The Wheatstone perforator was a development of Alexander Bain's 1848 manually operated hole punch machine for his "fast telegraph". It produced Wheatstone slips using three buttons (or keys) labelled "A", "A1" and "A2". "A" punched the pattern for dot, "A1" punched the pattern for space, and "A2" punched the dash pattern in two columns. The keys were so difficult to press that fist-held rubber-tipped mallets were used to depress them and operate the punches. Using this, invalid combinations of holes could not be produced. The blank paper tape was fed in from the right over a roller and came out the left side. It was oriented in a vertical plane. The paper punches were labelled with numbers: 1 for the top hole of the dot, 2 for the sprocket hole for dot, and 3 for the bottom hole for dot. When a dash was punched, extra hole punches to the right punched a centre hole with number 4 and a bottom hole with number 5. The perforator was introduced in 1867. It enabled transmission speeds on a telegraph line to increase to 70 words per minute. The very first message ever punched onto a tape was "SOS EIOS". The manual perforator was subsequently replaced by keyboard perforators like the Gell keyboard perforator or Kleinschmidt keyboard perforator.

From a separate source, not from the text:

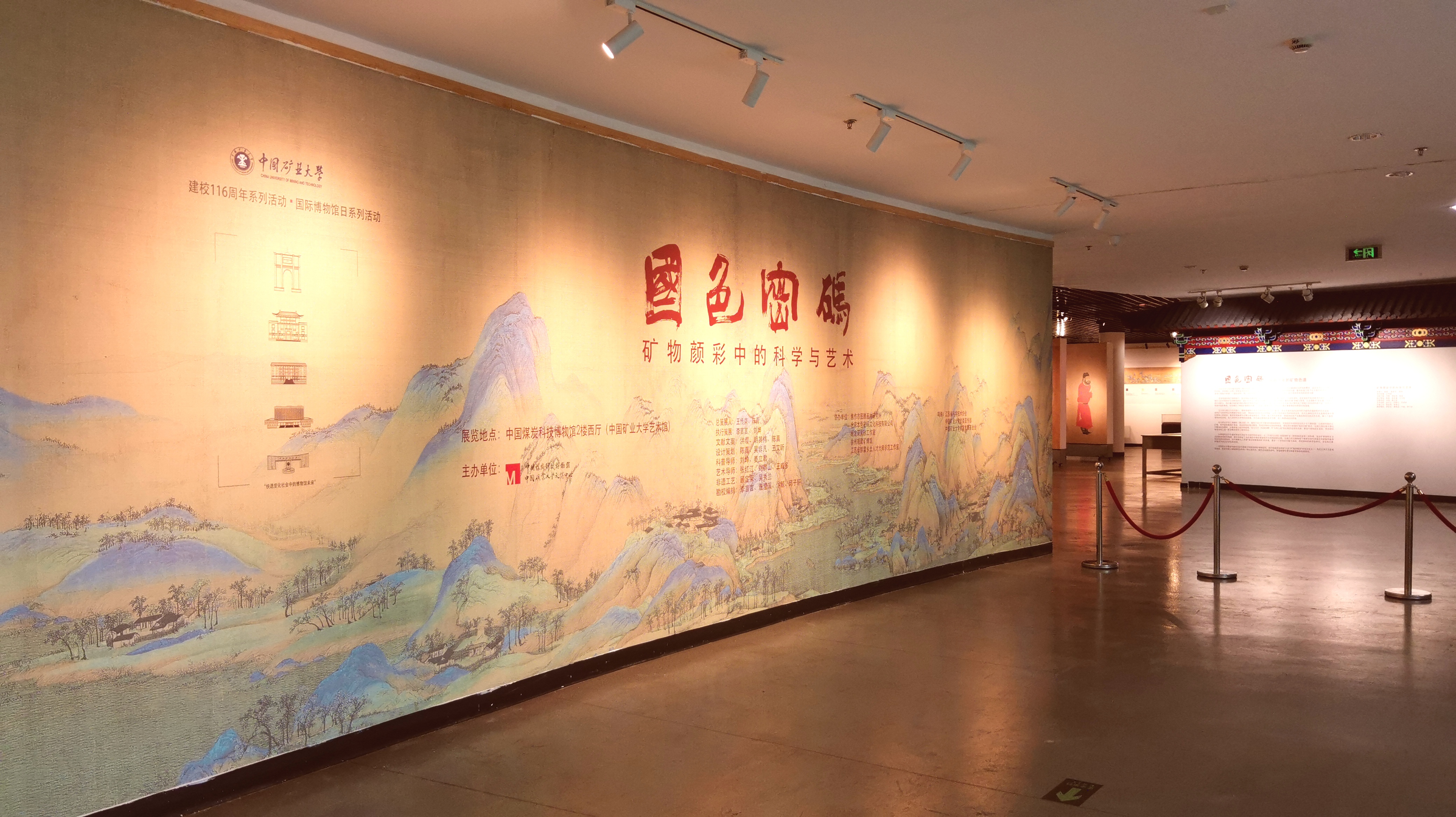 该展览以“宝藏矿大,千彩矿物,道器相通,技艺传承”为策布展起点,整合校内外科技、文化、非遗等展教资源,通过“科学+艺术”的方式,以原生彩晶矿物标本及其化学成份、晶型结构、呈色特征等科学研究成果、艺术画作及颜料制作工艺(非遗)展示,讲述“矿物颜彩中的科学故事”;以中国传统相关色彩的绘画名作、壁画、器物、图谱等艺术作品为载体,多角度解读“矿物颜彩艺术与文化”。展陈设计融合矿物学、艺术学等多学科视角,展现“一色一世界”的文化内涵,旨在以矿物颜彩为支点,撬动文化传承、科学普及与美育创新协同发展,引领观众领略国色之韵、匠心之魂、文化之美。

Each of the keys had a spring to restore its position after pressing. Each key moved a corresponding lever underneath the instrument. The other end of the levers protruded up into the back of the mechanism. Each punch rod also had a spring to put it back in place after punching a hole. For space and dot keying (A or A1) the star wheel was only allowed to turn one position by a pawl, and the paper tape only moved forward one position. However, when key A2 was hit, the corresponding lever B2 raised a bar (h) which allowed another lever attached to the pawl to move further back when the star wheel rotated, and the wheel could turn two positions, for a dash. The distance the paper tape moved for each position was determined by how far lever k moved, and its range of movement had to be set by adjusting screws i and t. A flat spring g stored energy from the punch to move the paper. The force of the spring was determined by adjusting screws n and n'. A guide roller (r) with a groove was pressed by an adjustable spring to press the pawl against the star wheel. The star wheel was on a frame with a piece sticking out the left hand side as a lever. When the operator wanted to insert paper tape, this lever was pulled, and the star wheel retracted from the paper.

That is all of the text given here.